The other bill, H.3111, would simply require all workers’ compensation insurance companies selling policies in the state to put the latest loss cost and loss cost multiplier rates approved by the state into effect within 120 days. Presently there is no requirement to do so.
As logical as these bills are, the lobbyists for the insurance companies were there to tell the Senators and a crowded room how over-regulated workers’ compensation had become. We were told that it is such a difficult and time consuming process for the companies to defend the rate adjustment proposals compiled by their rating organization, the National Council on Compensation Insurance (NCCI).
The best regulation for this insurance to guarantee the lowest premiums for businesses, they said, was for competition to run free.
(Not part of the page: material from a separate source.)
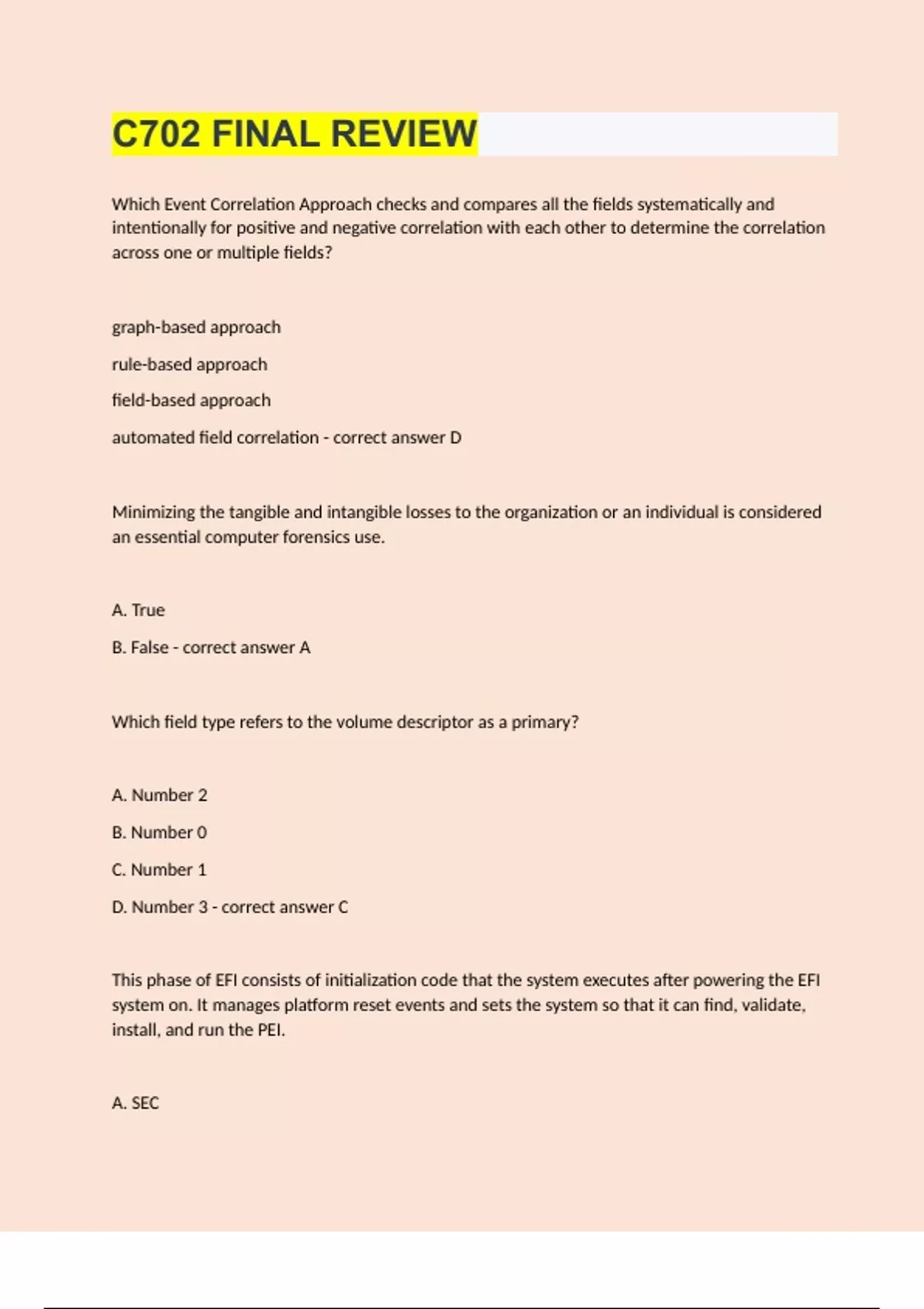 Which Event Correlation Approach checks and compares all the fields systematically and intentionally for positive and negative correlation with each other to determine the correlation across one or multiple fields? graph-based approach rule-based approach field-based approach automated field correlation D Minimizing the tangible and intangible losses to the organization or an individual is considered an essential computer forensics use. A. True B. False A Which field type refers to the volume descriptor as a primary? A. Number 2 B. Number 0 C. Number 1 D. Number 3 C This phase of EFI consists of initialization code that the system executes after powering the EFI system on. It manages platform reset events and sets the system so that it can find, validate, install, and run the PEI. A. SEC B. PEI C. DXE D. BDS E. RT A Most of the initialization happens in this phase. Using the Hand-Off Block List (HOBL), it initializes the entire system physical memory, I/O, and MIMO (Memory Mapped Input Output) resources and finally begins dispatching DXE Drivers present in the system Firmware Volumes (given in the HOBL). The DXE core produces a set of EFI Boot Services and EFI Runtime Services. The EFI Boot Services provided are allocating memory and loading executable images. The EFI Runtime services provided are converting memory addresses from physical to virtual while handing over to the kernel, and resetting the CPU, to code running within the EFI environment or within the OS kernel once the CPU takes the control of the system. A. SEC B. PEI C. DXE D. BDS E. RT C This phase initializes the CPU, temporary memory, and boot firmware volume (BFV). It locates and executes the Pre Initialization chapters (PEIMs) present in the BFV so as to initialize all the found hardware in the system. Finally, it creates a Hand-Off Block List with all found resources interface descriptors and passes it to the next phase i.e. the DXE phase. A. SEC B. PEI C. DXE D. BDS E. RT B In this phase, the BDS interprets the boot configuration data and selects the Boot Policy for later implementation. This phase works with the DXE to check if the device drivers require signature verification.In this phase, the system loads MBR boot code into memory for Legacy BIOS Boot or loads the Bootloader program from the EFI partition for UEFI Boot. It also provides an option for the user to choose EFI Shell or an UEFI application as the Boot Device from the Setup. A. SEC B. PEI C. DXE D. BDS E. RT D At this point, the system clears the UEFI program from memory and transfers it to the OS. During UEFI BIOS update the OS calls the run time service using a small part of the memory. A. SEC B. PEI C. DXE D. BDS E. RT E Which of the following basic partitioning tools displays details about GPT partition tables in Windows OS? A. DiskPart B. Gparted C. Disk Utility D. Fdisk A How large is the partition table structure that stores information about the partitions present on the hard disk? A. 32-byte B. 64-bit C. 64-byte D. 32-bit C How many bits are used by the MBR partition scheme for storing LBAs (Logical Block Addresses) and the size information on a 512-byte sector? A. 128 B. 64 C. 256 D. 32 D Which of the following basic partitioning tools displays details about GPT partition tables in Windows OS? A. DiskPart B. Gparted C. Disk Utility D. Fdisk A What component of a typical FAT32 file system consists of data that the document framework uses to get to the volume and utilizes the framework parcel to stack the working portion documents? A. Boot Sector B. FAT Area C. Data Area D. Reserved Area A Which file system used in Linux was developed by Stephen Tweedie in 2001 as a journaling file system that improves reliability of the system? A. Ext2 B. Ext C. Ext4 D. Ext3 D How many bit values does HFS use to address allocation blocks? A. 8 B. 16 C. 64 D. 32 B Striped set (min 2 disks) w/o parity and no fault tolerance. Any disk failure destroys the array. A. Raid 0 B. Raid 1 C. Raid 10 D. Raid 2 E. Raid 3 F. Raid 4 G. Raid 5 H. Raid 6 A

And, they suggested, if we have to have any regulation of the insurance industry, it should be after a rate adjustment has been put in place—a system called file and use. Only then could the Consumer Advocate challenge the new rates in court.
Oh, and one insurance lobbyist expressed concern for the DOI saying that the department couldn’t possibly respond quickly enough to individual company rate changes and meet the 120 day implementation schedule in H.3111.
This last objection died quickly when the DOI testified that they saw no problem meeting the required deadlines. DOI was obviously not going to be a part of that insurance industry charade.
When I testified in support of S.31, I addressed the insurance lobbyists’ objections and suggestions.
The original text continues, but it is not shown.